From the listing that follows, output everything exactly except the pictures.

(Beginning of Records for this exercise)

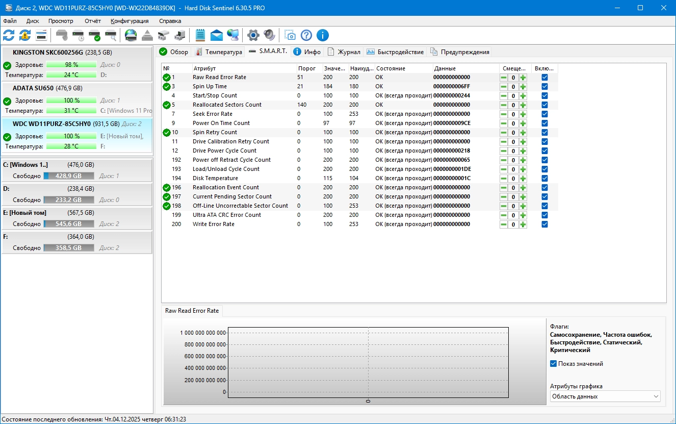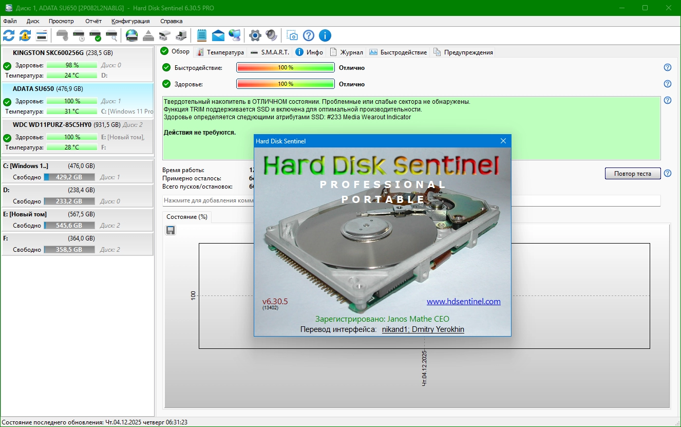 Hard Disk Sentinel Pro — отличная программа для мониторинга состояния HDD/SSD носителей. Сейчас как никогда важна информация, хранящаяся на них. Сам неоднократно сталкивался со случаями, когда пользователи не делали резервных копий важных файлов, а потом сильно расстраивались из-за их потери. Сами подумайте - работа, семейный архив фото/видео, а также другая информация, которая представляет ценность, может вмиг исчезнуть. За восстановление нынче берут большие деньги, поэтому лучше предупреждать подобные ситуации - хранить копии на других устройствах и в облачных сервисах. Hard Disk Sentinel покажет здоровье ваших дисков и подскажет, стоит ли заменить какие-либо из них. Имеется планировщик, отчёты, различные тесты. Сохраните ваши файлы сегодня.
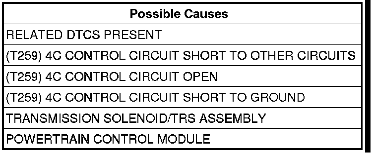 - Repair the (T259) 4C Control circuit for a short to another circuit(s).
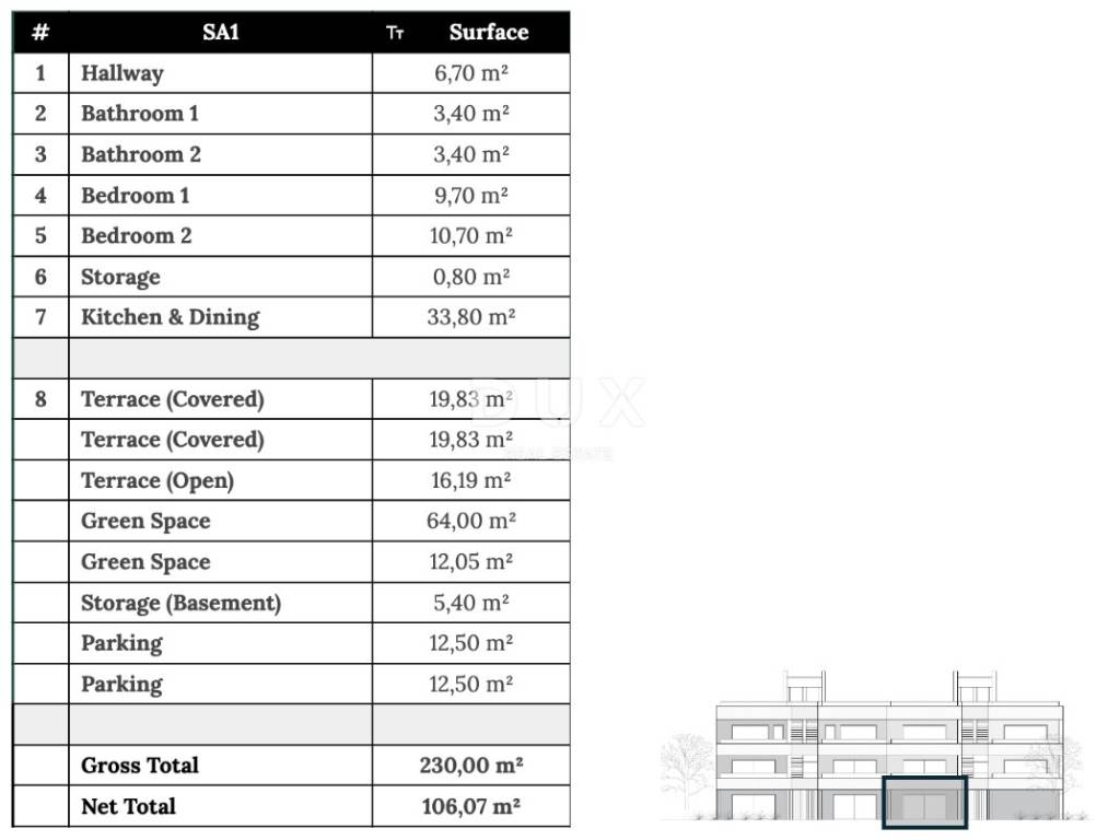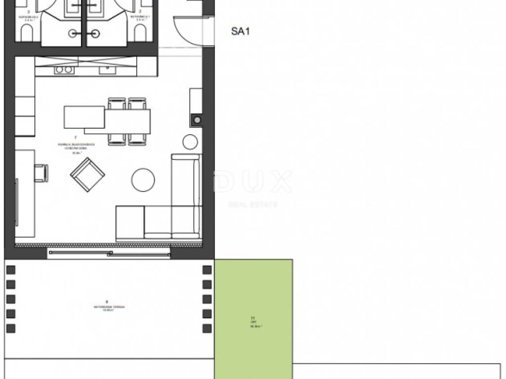 Just 95 meters from the sea, in the quiet town of Zaton, a modern project is being built with nine luxury apartments located in a closed resort with a ramp at the entrance. The settlement is designed as a private oasis, consisting of five buildings, where residents enjoy complete security and privacy. Apartments on the upper floors have spacious roof terraces with beautiful views of the sea and islands, while ground floor units have their own gardens. Each residential unit comes with two outdoor parking spaces, and there is also the option of purchasing fully furnished apartments for an additional fee. Special attention has been paid to interior design, modern technological solutions and quality materials to make the home functional, safe and comfortable. The smart home system allows for the control of lighting, air conditioning and heating, and the construction is carried out with a reinforced concrete structure with 10 cm of thermal insulation. Aluminum joinery with electric shutters, multi-split air conditioners, underfloor heating in the bathrooms and living room, video intercom, surveillance cameras and burglar and fire doors are part of the standard equipment. First-class sanitary ware and floor coverings from renowned manufacturers were used. The planned completion of the works is by the end of 2025. Apartment SA1 is located on the ground floor and consists of two bedrooms, two bathrooms, a storage room and a spacious living area with a kitchen and dining room. Its special value is made up of a large garden, a covered terrace and two additional uncovered terraces. Zaton is a quiet Dalmatian town known for its crystal clear sea, pebble beaches and relaxed Mediterranean atmosphere, while Zadar is nearby - a city rich in history, cultural attractions and top-notch restaurants, an ideal destination for living and vacation. The seller is a legal entity and the buyer does not pay real estate tax. For all additional information and to arrange a viewing, please feel free to contact us.
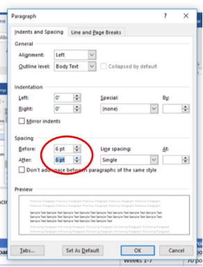 MS Word uses 12 pt as the default size and spacing. For a table, I like to use half of that size (6 pt) before and after the text in a table.
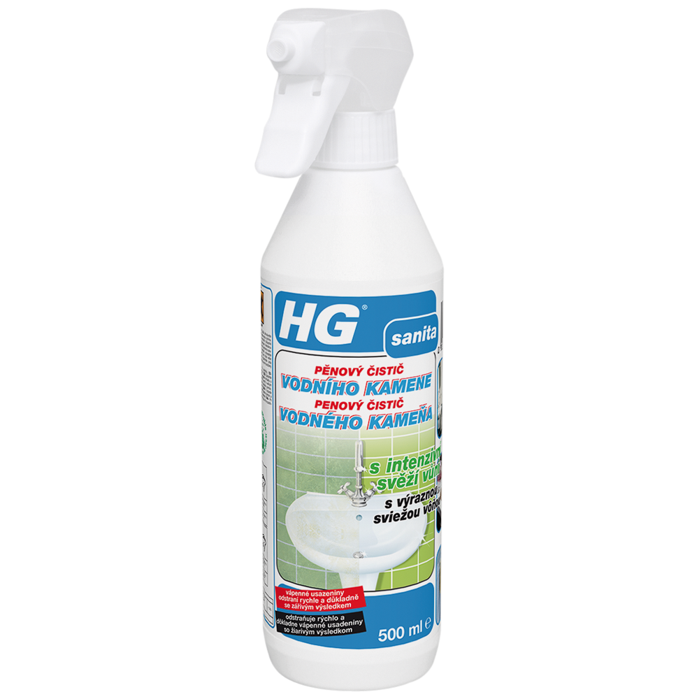 Kam se dostane voda, je i vodní kámen. Vodní kámen vytváří matný povlak na kachličkách, ve sprchových koutech, plastových vanách, umyvadlech, vodovodních bateriích a toaletách. HG pěnový čistič vodního kamene odstraňuje tento matný povlak účinně a rychle a zanechává za sebou pouze zářivý lesk! HG pěnový čistič vodního kamene je dostupný ve dvou různých provedeních. HG pěnový čistič vodního kamene originál a HG pěnový čistič vodního kamene s intenzivní svěží vůní poskytují plnou pěnu, která zaručuje delší dobu působení, která je nezbytná zejména pro svislé plochy, jako jsou stěny a sprchové kouty. HG pěnový čistič vodního kamene nenarušuje chromované povrchy, glazury a spáry.
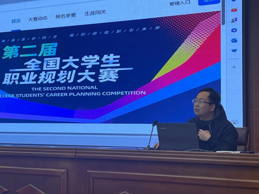 吴秋丽传达了河北省第二届全国大学生职业规划大赛赛事解读会议精神,校级赛事负责人石伟星老师系统梳理了院级负责人的工作职责和操作方案。

(End of Records for this exercise)

__Answer__:
 Hard Disk Sentinel Pro — отличная программа для мониторинга состояния HDD/SSD носителей. Сейчас как никогда важна информация, хранящаяся на них. Сам неоднократно сталкивался со случаями, когда пользователи не делали резервных копий важных файлов, а потом сильно расстраивались из-за их потери. Сами подумайте - работа, семейный архив фото/видео, а также другая информация, которая представляет ценность, может вмиг исчезнуть. За восстановление нынче берут большие деньги, поэтому лучше предупреждать подобные ситуации - хранить копии на других устройствах и в облачных сервисах. Hard Disk Sentinel покажет здоровье ваших дисков и подскажет, стоит ли заменить какие-либо из них. Имеется планировщик, отчёты, различные тесты. Сохраните ваши файлы сегодня.
 - Repair the (T259) 4C Control circuit for a short to another circuit(s).
 Just 95 meters from the sea, in the quiet town of Zaton, a modern project is being built with nine luxury apartments located in a closed resort with a ramp at the entrance. The settlement is designed as a private oasis, consisting of five buildings, where residents enjoy complete security and privacy. Apartments on the upper floors have spacious roof terraces with beautiful views of the sea and islands, while ground floor units have their own gardens. Each residential unit comes with two outdoor parking spaces, and there is also the option of purchasing fully furnished apartments for an additional fee. Special attention has been paid to interior design, modern technological solutions and quality materials to make the home functional, safe and comfortable. The smart home system allows for the control of lighting, air conditioning and heating, and the construction is carried out with a reinforced concrete structure with 10 cm of thermal insulation. Aluminum joinery with electric shutters, multi-split air conditioners, underfloor heating in the bathrooms and living room, video intercom, surveillance cameras and burglar and fire doors are part of the standard equipment. First-class sanitary ware and floor coverings from renowned manufacturers were used. The planned completion of the works is by the end of 2025. Apartment SA1 is located on the ground floor and consists of two bedrooms, two bathrooms, a storage room and a spacious living area with a kitchen and dining room. Its special value is made up of a large garden, a covered terrace and two additional uncovered terraces. Zaton is a quiet Dalmatian town known for its crystal clear sea, pebble beaches and relaxed Mediterranean atmosphere, while Zadar is nearby - a city rich in history, cultural attractions and top-notch restaurants, an ideal destination for living and vacation. The seller is a legal entity and the buyer does not pay real estate tax. For all additional information and to arrange a viewing, please feel free to contact us.
 MS Word uses 12 pt as the default size and spacing. For a table, I like to use half of that size (6 pt) before and after the text in a table.
 Kam se dostane voda, je i vodní kámen. Vodní kámen vytváří matný povlak na kachličkách, ve sprchových koutech, plastových vanách, umyvadlech, vodovodních bateriích a toaletách. HG pěnový čistič vodního kamene odstraňuje tento matný povlak účinně a rychle a zanechává za sebou pouze zářivý lesk! HG pěnový čistič vodního kamene je dostupný ve dvou různých provedeních. HG pěnový čistič vodního kamene originál a HG pěnový čistič vodního kamene s intenzivní svěží vůní poskytují plnou pěnu, která zaručuje delší dobu působení, která je nezbytná zejména pro svislé plochy, jako jsou stěny a sprchové kouty. HG pěnový čistič vodního kamene nenarušuje chromované povrchy, glazury a spáry.
 吴秋丽传达了河北省第二届全国大学生职业规划大赛赛事解读会议精神,校级赛事负责人石伟星老师系统梳理了院级负责人的工作职责和操作方案。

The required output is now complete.